October 5, 2013, 12:01 am TWN
Berlin's Security Research Labs, known as SRL, said on Thursday that the vulnerability could potentially give criminals time to break into the Apple Inc phones, gain complete control of data, access email accounts and then potentially take over the user's bank accounts.
The research firm also said it has figured out an easier way to crack the iPhone fingerprint scanner than has been demonstrated thus far.
SRL, which this summer disclosed a major security flaw in SIM card technology that affected mobile systems around the globe, said it has shared its research with Apple's security team.
Apple declined to comment. The company sometimes refrains from discussing potential security bugs while it reviews research.
If SRL's findings are verified, this would mark at least the fifth security bug in the iPhone and its iOS operating system uncovered since July. Apple has already fixed some of those flaws, including one disclosed at a summer hacking conference that make the devices vulnerable to snooping.

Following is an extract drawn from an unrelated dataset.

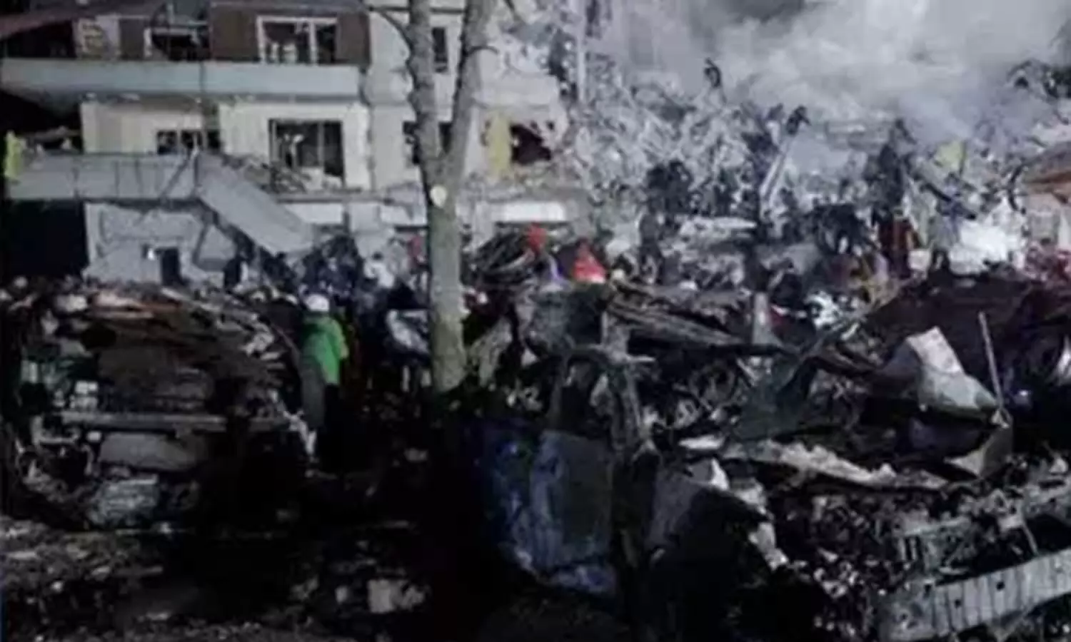 குடியிருப்பு கட்டிடம் இடிந்து விழுந்ததில் ஏராளமானோர் இடிபாடுகளில் சிக்கிக்கொண்டனர். அங்கு மீட்பு பணி நடைபெறுகிறது. இந்த கண்மூடித்தனமான தாக்குதலில் 15 வயது சிறுமி உள்பட 21 பேர் உயிரிழந்திருப்பதாக உக்ரைன் தெரிவித்துள்ளது.

The company has remained silent since concerns have been raised about the security of its “Touch ID” fingerprint scanner on its top-of-the-line iPhone 5S, which went on sale last month.
A German hacker known as Starbug was able to crack Touch ID within two days of its release. Several experts in mobile security and biometrics say they have independently verified his work.
Another Way to Skin a Cat
Apple's “Find My iPhone” feature aims to thwart thieves and hackers. It lets users log into Apple's iCloud and wipe a device, giving victims a chance to disable the phone before criminals can gain access. It also prevents criminals from registering those devices to another account.
Ben Schlabs, an SRL project manager in biometric security, told Reuters he has identified a new method for preventing those features from being initiated.
He was able to put an iPhone 5S on “airplane mode,” cutting off iCloud's ability to communicate with the device to initiate the features. That bought him time to create a “fake finger” to fool Touch ID.
Most iPhone users can take steps to mitigate the potential for attacks using the newly identified approach, Schlabs said. For instance, users can adjust the phone's settings to prevent airplane mode from being activated when devices are locked.
Customers in Australia, Ireland, New Zealand, the United Kingdom and the United States can opt for two-factor authentication, which requires the user to enter a four-digit code that is sent to their iPhone or other device.